Author: David Gibson <dwg@au1.ibm.com>, Adam Litke <agl@us.ibm.com>, and others
Last updated: Tuesday, Oct 28th, 2008

Introduction
============

In Linux(TM), access to hugepages is provided through a virtual file
system, "hugetlbfs".  The libhugetlbfs library interface works with
hugetlbfs to provide more convenient specific application-level
services.  In particular libhugetlbfs has three main functions:

	* library functions
libhugetlbfs provides functions that allow an applications to
explicitly allocate and use hugepages more easily they could by
directly accessing the hugetblfs filesystem

	* hugepage malloc()
libhugetlbfs can be used to make an existing application use hugepages
for all its malloc() calls.  This works on an existing (dynamically
linked) application binary without modification.

	* hugepage text/data/BSS
libhugetlbfs, in conjunction with included special linker scripts can
be used to make an application which will store its executable text,
its initialized data or BSS, or all of the above in hugepages.  This
requires relinking an application, but does not require source-level
modifications.

This HOWTO explains how to use the libhugetlbfs library.  It is for
application developers or system administrators who wish to use any of
the above functions.

The libhugetlbfs library is a focal point to simplify and standardise
the use of the kernel API.

Prerequisites
=============

Hardware prerequisites
----------------------

You will need a CPU with some sort of hugepage support, which is
handled by your kernel.  The covers recent x86, AMD64 and 64-bit
PowerPC(R) (POWER4, PPC970 and later) CPUs.
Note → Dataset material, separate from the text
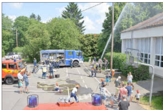
Die Zusammenarbeit bei der gemeinsamen Übung von Feuerwehr, DRK und THW klappte hervorragend.

jugendfeuerwehr@ff-riegelsberg.de oder kinderfeuerwehr@ff-riegelsberg.de

Currently, only x86, AMD64 and PowerPC are fully supported by
libhugetlbfs. IA64 and Sparc64 have a working malloc, and SH64
should also but it has not been tested. IA64, Sparc64, and SH64
do not support segment remapping at this time.

Kernel prerequisites
--------------------

To use all the features of libhugetlbfs you will need a 2.6.16 or
later kernel.  Many things will work with earlier kernels, but they
have important bugs and missing features.  The later sections of the
HOWTO assume a 2.6.16 or later kernel.  The kernel must also have
hugepages enabled, that is to say the CONFIG_HUGETLB_PAGE and
CONFIG_HUGETLBFS options must be switched on.

To check if hugetlbfs is enabled, use one of the following methods:

  * (Preferred) Use "grep hugetlbfs /proc/filesystems" to see if
    hugetlbfs is a supported file system.
  * On kernels which support /proc/config.gz (for example SLES10
    kernels), you can search for the CONFIG_HUGETLB_PAGE and
    CONFIG_HUGETLBFS options in /proc/config.gz
  * Finally, attempt to mount hugetlbfs. If it works, the required
    hugepage support is enabled.

Any kernel which meets the above test (even old ones) should support
at least basic libhugetlbfs functions, although old kernels may have
serious bugs.

The MAP_PRIVATE flag instructs the kernel to return a memory area that
is private to the requesting process.  To use MAP_PRIVATE mappings,
libhugetlbfs's automatic malloc() (morecore) feature, or the hugepage
text, data, or BSS features, you will need a kernel with hugepage
Copy-on-Write (CoW) support.  The 2.6.16 kernel has this.

PowerPC note: The malloc()/morecore features will generate warnings if
used on PowerPC chips with a kernel where hugepage mappings don't
respect the mmap() hint address (the "hint address" is the first
parameter to mmap(), when MAP_FIXED is not specified; the kernel is
not required to mmap() at this address, but should do so when
possible).  2.6.16 and later kernels do honor the hint address.
Hugepage malloc()/morecore should still work without this patch, but
the size of the hugepage heap will be limited (to around 256M for
32-bit and 1TB for 64-bit).

The 2.6.27 kernel introduced support for multiple huge page sizes for
systems with the appropriate hardware support.  Unless specifically
requested, libhugetlbfs will continue to use the default huge page size.

Toolchain prerequisites
-----------------------

The library uses a number of GNU specific features, so you will need to use
both gcc and GNU binutils.  For PowerPC and AMD64 systems you will need a
"biarch" compiler, which can build both 32-bit and 64-bit binaries.  To use
hugepage text and data segments, GNU binutils version 2.17 (or later) is
recommended.  Older versions will work with restricted functionality.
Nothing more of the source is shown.